Granlund led the Wild in points this season with 69 and came second in goals (behind Eric Staal) with 26. Niederreiter tallied one fewer goal than Granlund, and his 57 points were the club's fourth-most.

But the Wild's first-round Stanley Cup Playoffs series against the St. Louis Blues saw both Granlund and Niederreiter stymied by St. Louis' big, powerful defensemen. Neither forward managed to put any pucks past Blues goaltender Jake Allen; Niederreiter had one assist and Granlund had two.
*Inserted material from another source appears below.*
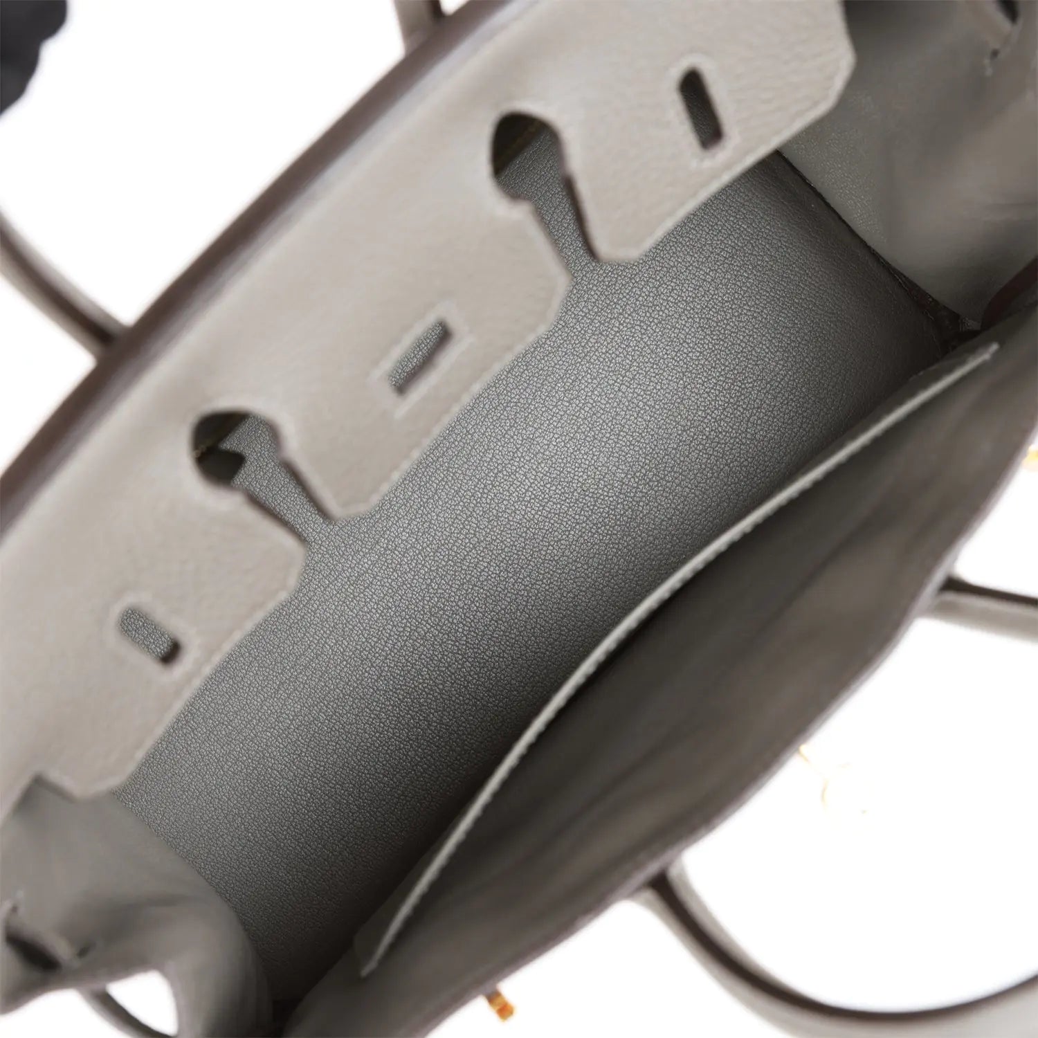 このバーキンは、グリ・メイヤーのトゴレザーにゴールドの金具をあしらったデザインで、同系色のステッチ、フロントフラップ、中央のトグル開閉式ストラップ2本、鍵2個とロック付きのクロシェット、そしてダブルロールハンドルが特徴です。

"[Granlund]'s a guy that, as we spoke this time last year, had questions about whether he was even going to become a top-line NHL player. He became a top-line NHL player, and when you're a top-line NHL player you get top-line defensive coverage, and I think this was a great growing experience for him," said Wild general manager Chuck Fletcher at his end-of-season press conference Tuesday. "He didn't have any time and space. They defended him hard. They put guys on him. They put their best defensive players out against him. They hit him every time they could.

"You know, he played a lot of minutes this year, starting in World Cup. But he competed right to the end. I think he'll take some things out of this. He'll have to learn ways to create more time and space for himself. I just think he's such a competitive and such a smart player, he'll learn."

Fletcher also revealed that Granlund had been playing in the postseason with a broken right hand, but the forward refused to use the injury as an excuse.

"I could play with that. I had no problems with that. Just a little sore," Granlund said. "Everybody has something going on. It's just a part of playing."

In addition to his career season, Granlund was also named a Lady Byng Memorial Trophy finalist for the first time in his career. The award, which goes to the NHL player who combines gentlemanly conduct with high playing ability, signals that Granlund has arrived on a League-wide stage seven years after he was selected by the Wild in the first round of the 2010 NHL Entry Draft.

Video: Granlund Injury and Niederreiter's Potential

When discussing Niederreiter's performance this season, Fletcher called him a goal-scorer with "streaky" tendencies, like many goal-scorers across the League.

"He's been streaky before. He'll be streaky again. He gets hot. He gets cold," Fletcher said. "I don't know that he's that much different than a lot of goal-scorers. He certainly made a lot of big plays in Game 5 there and arguably put a puck in the net that maybe could've counted and certainly made a play on Koivu's power-play goal."

Fletcher was mum on his plans for the new contracts Granlund and Niederreiter will command going into the 2017-18 season. The Wild must decide before July 1 if it wants to re-sign the forwards to long-term contracts, issue them qualifying offers or let an arbitrator decide on fair salaries for each.

One thing is certain, though: Granlund and Niederreiter's career years are evidence that the young core that the Wild has been waiting on has arrived.

"We were a remarkably consistent team," Fletcher said. "That whole group of kids [age] 24 to 26 all took a step, not even just in terms of production where they had career years, but I think you look at a couple of them in particular and Granlund and [Jared] Spurgeon have begun to take on leadership responsibilities, which is very important.

"To me we took a lot of steps this year. … You look over 82 games and we took big strides and were one of the more competitive teams in the League. There's no reason we won't continue to be that way."